The bottom line is that your inner knowing and unique situation supersedes any attributable terms and formal categories. Understanding this was my first step in acknowledging where my emotional well-being suffered. Though my economic background, culture, and generational patterns didn’t disappear, they stopped being barriers toward getting better. I have been on and off professional therapy for two years due to the high cost of treatment. My family is still not comfortable speaking about our mental health, nor how we walked on eggshells for years to prevent a violent outburst from my father. Nonetheless, I have committed myself to find the tools and space for me to express my emotions and uncover the effect of my past on myself and my family. This search has not cost me a single penny. Best of all, writing this book has been a crucial part of this individual pursuit to prioritize my emotional health.

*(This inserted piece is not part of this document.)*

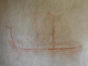 Keywords: Siljan Kirke (skib2).JPG Kalkmaleri af skib fra Siljan Kirke Telemark own 2012-08 Orf3us Siljan kirke Frescos in churches in Norway PD-old-100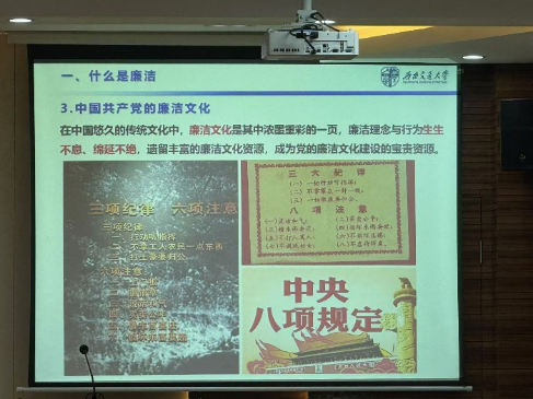 接下来,胡博老师分别从“什么是廉洁”“为什么要廉洁自律”和“如何做到廉洁自律”三个部分展开本次课程的主要内容。“宁廉洁正直,以自清乎?”在第一部分中,胡博老师首先从说文解字的角度解释廉洁的概念,通过大家耳熟能详的故事介绍廉洁的丰富内涵;揭示了我国源远流长的廉洁文化传统,激发了学员们对中华优秀传统文化的认同感与自豪感。胡博老师着重介绍了中国共产党的廉洁文化,展示了党反腐倡廉的坚定决心,加深了学员们的理解和感悟。

I have come full circle with my love of rap in choosing to write The Energized Self. The storytelling in the music genre that was a safe place for me as a child has now enchanted me again as an adult. This time, it has come in the form of sitting down and listening to the stories of nine individuals who like the songs I grew up hearing, reflect universal topics like depression, dealing with childhood trauma, living according to somebody else’s expectations, losing faith, mental health disorders, distrusting the self, being alone, and more. These narratives have been a powerful reminder of the simplicity with which healing can come when one is unsure what the concept entails or at least why one should try to attain it.
I’ve had my cynical moments in which I questioned the point of being self-aware and compassionate with myself. Unfair things will still happen, and the world won’t adapt to prioritizing my emotions. This reality is a hard pill to swallow, but it’s even harder to accept the idea that I am now the one actively keeping myself from feeling free and at peace. When we become mindful, we can empower ourselves to live beyond self-made, family, and societal pressures, plus illusions.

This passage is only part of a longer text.